P3s: the cubic zirconium of public projects
Jonathan Fowlie and Lori Gilbert did a first rate job of looking at one facet of public private partnerships (P3’s) in the January 23 Vancouver Sun. P3’s are one part of the BC government’s enthusiasm for privatization. Private companies pay for the development of public infrastructure or services and then run the projects for decades while the government pays them back. Fowlie and Culbert found many of the companies involved in P3 financing were in serious trouble.
But like a diamond, or more appropriately in this case, a cubic zirconium, there are many facets. The government makes many claims about P3’s. These claims are questionable and I will discuss some in later posts.
In 2006 the Canadian Council for Public Private Partnerships gave BC’s Golden Ears Bridge project its Gold Award for Project Financing. Part of the reason for the prize was that privately financed borrowing for the project achieved a triple-A credit rating. That meant lower borrowing costs for the project. The triple-A rating was achieved because private companies that insure bonds had guaranteed the borrowed money would be repaid.
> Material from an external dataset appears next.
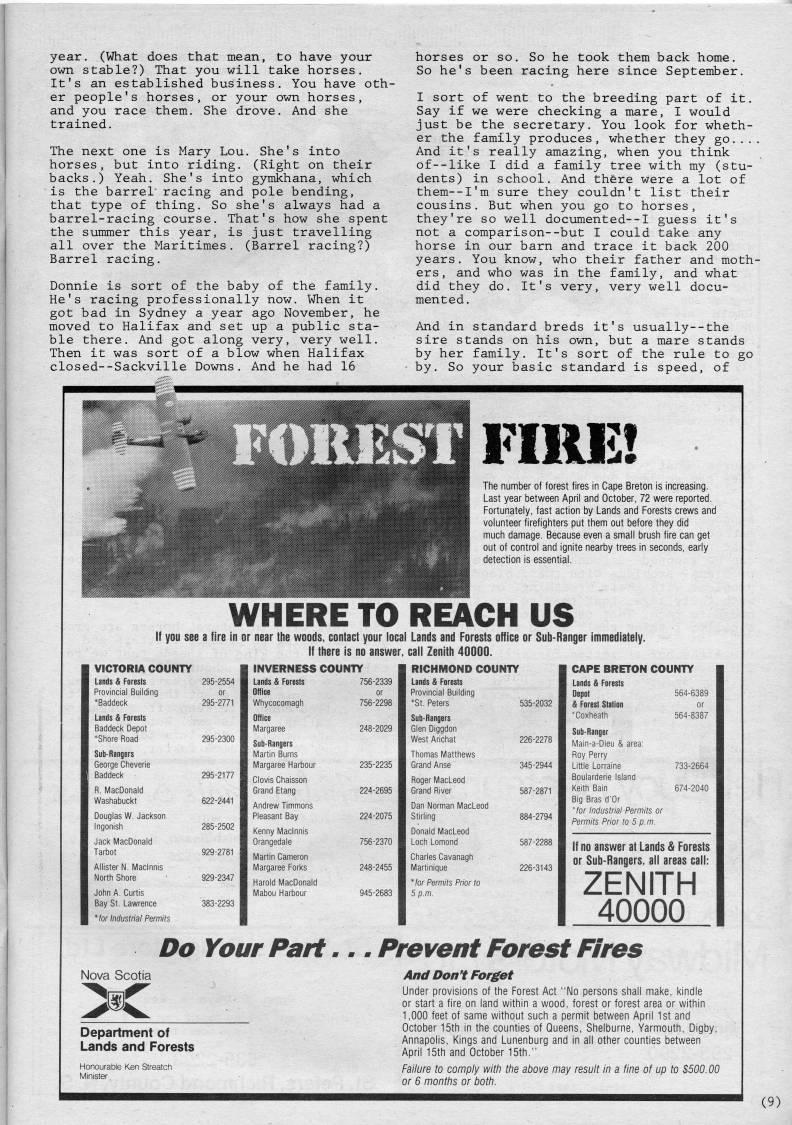 year. (What does that mean, to have your own stable?) That you will take horses. It's an established business. You have oth? er people's horses, or your own horses, and you race them. She drove. And she trained. The next one is Mary Lou. She's into horses, but into riding. (Right on their backs.) Yeah. She's into gymkhana, which is the barrel racing and pole bending, that type of thing. So she's always had a barrel-racing course. That's how she spent the summer this year, is just travelling all over the Maritimes. (Barrel racing?) Barrel racing. Donnie is sort of the baby of the family. He's racing professionally now. When it got bad in Sydney a year ago November, he moved to Halifax and set up a public sta? ble there. And got along very, very well. Then it was sort of a blow when Halifax closed--Sackville Downs, And he had 16 horses or so. So he took them back home. So he's been racing here since September. I sort of went to the breeding part of it. Say if we were checking a mare, I would just be the secretary. You look for wheth? er the family produces, whether they go.... And it's really amazing, when you think of--like I did a family tree with my (stu? dents) in school. And there were a lot of them--I'm sure they couldn't list their cousins. But when you go to horses, they're so well documented--I guess it's not a comparison--but I could take any horse in our barn and trace it back 200 years. You know, who their father and moth? ers, and who was in the family, and what did they do. It's very, very well docu? mented. And in standard breds it's usually--the sire stands on his own, but a mare stands by her family. It's sort of the rule to go by. So your basic standard is speed, of 0m. ''.' '1#' FIIU]!! The number of forest fires in Cape Breton is increasing. Last year between April and October, 72 were reported. FoiLinately, fast action by Lands and Forests crews and volunteer firefighters put them out before they did much damage. Because even a small brush fire can get out of control and ignite nearby trees in seconds, early detection is essential. WHERE TO REACH US If you see a fire in or near the woods, contact your local Lands and Forests office or Sub-Ranger immediately. If there is no answer, call Zenith 40000, VICTORIA COUNTY Lands & Forests Provincial Building *Baddeck Lands & Forests Baddeck Depot *Shore Road Sub-Rangers George Cheverie Baddeck R. MacDonald Washabuckt Douglas W. Jackson Ingonish Jack MacDonald Tarbot Allister N. Maclnnis North Shore John A. Curtis Bay St. Lawrence *for Industrial Permits 295-2554 or 295-2771 295-2300 295-2177 622-2441 285-2502 929-2781 929-2347 383-2293 Do Vol Nova Scotia '?C Department of Lands and Forests Honourable Ken Streatch M nister INVERNESS Lands & Forests Office Whycocomagh Office Margaree Sub-Rangers Martin Burns Margaree Harbour Clovis Chaisson Grand Etang Andrew Timmons Pleasant Bay Kenny Maclnnis Orangedale Martin Cameron Margaree Forks Harold MacDonald Mabou Harbour irPaii RICHMOND COUNTY Lands & Forests Provincial Building *St. Peters 53 Sub-Rangers Glen Diggdon West Arichat 22 Thomas Matthews Grand Anse 34 Roger MacLeod Grand River 58 Dan Norman MacLeod Stirling 88 Donald MacLeod Loch Lomond 58 Charles Cavanagh Martinique 22 * for Permits Prior to 5 p.m. CAPE BRETON COUNTY Lands & Forests Depot 564-6389 & Forest Station or 'Coxheath 564-8387 Sub-Ranger Main-a-Dleu & area: Roy Perry Little Lorraine 733-2664 Boularderie Island Keith Bain 674-2040 Big Bras d'Or *for Industrial Permits or Permits Prior to 5 p.m. If no answer at Lands & Forests or Sub-Rangers, all areas call: ZENITH 40000 . Prevent Forest Fires And Don't Forget Under provisions of the Forest Act "No persons shall make, kindle or start a fire on land within a wood, forest or forest area or within 1,000 feet of same without such a permit between April 1st and October 15th in the counties of Queens, Shelburne, Yarmouth, Digby, Annapolis, Kings and Lunenburg and in all other counties between April 15th and October 15th." Failure to comply with tlie above may result in a fine of up to $500.00 or 6 monttis or botfi.

This was the first such guarantee for a P3 in Canada.
But a full year ago the Globe and Mail reported those bond insurers were in big trouble. It turns they were guaranteeing residential mortgage deals in the US as well as P3’s. We all know how well that worked out.
Rating agencies downgraded the bond insurers. Their stock prices collapsed. The cost of borrowing went up for private financiers. By autumn P3 financiers were having trouble raising money in the marketplace. Things just got worse from there. So much for the Gold Award for financing.